### Try it:
Find the word "СамГТУ" in the listing below, then return every line it appears in.

### Provided records:

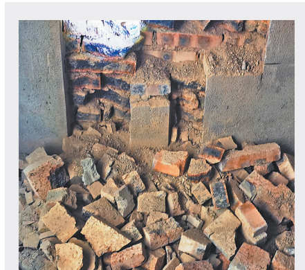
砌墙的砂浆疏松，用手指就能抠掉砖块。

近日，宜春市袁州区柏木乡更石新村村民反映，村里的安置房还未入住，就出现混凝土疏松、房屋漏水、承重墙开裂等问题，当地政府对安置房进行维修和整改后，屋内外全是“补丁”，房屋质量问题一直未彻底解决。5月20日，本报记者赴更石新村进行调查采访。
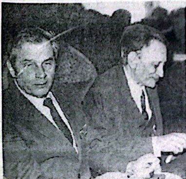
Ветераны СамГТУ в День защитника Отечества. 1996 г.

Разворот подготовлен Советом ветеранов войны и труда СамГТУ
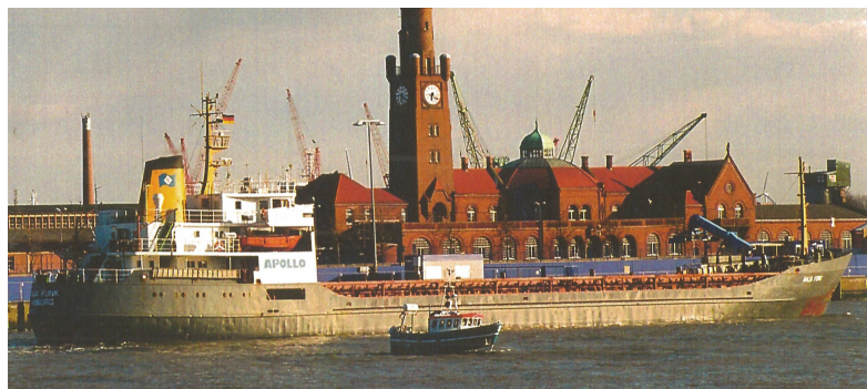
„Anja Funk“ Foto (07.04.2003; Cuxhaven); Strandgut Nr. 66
--
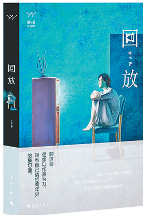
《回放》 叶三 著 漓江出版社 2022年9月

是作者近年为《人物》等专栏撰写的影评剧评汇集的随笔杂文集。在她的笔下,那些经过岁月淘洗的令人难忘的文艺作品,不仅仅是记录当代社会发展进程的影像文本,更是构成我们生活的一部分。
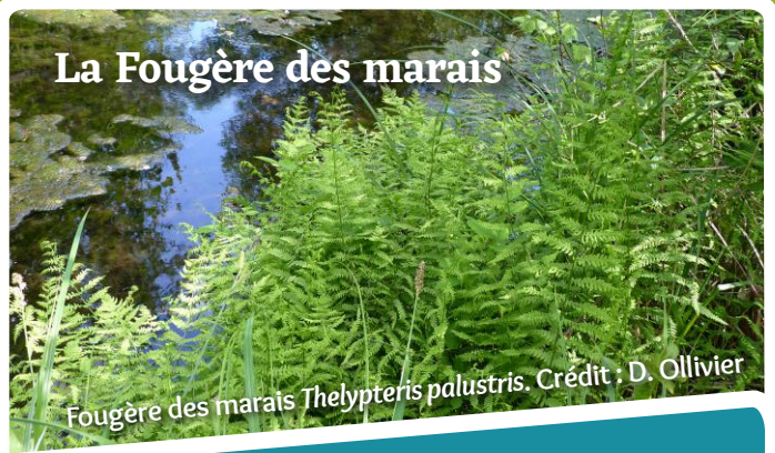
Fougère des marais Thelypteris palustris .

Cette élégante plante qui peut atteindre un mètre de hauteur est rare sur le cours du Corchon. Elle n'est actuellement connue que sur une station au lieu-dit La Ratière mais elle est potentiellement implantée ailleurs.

### Answer to this task:
Ветераны СамГТУ в День защитника Отечества. 1996 г.
Разворот подготовлен Советом ветеранов войны и труда СамГТУ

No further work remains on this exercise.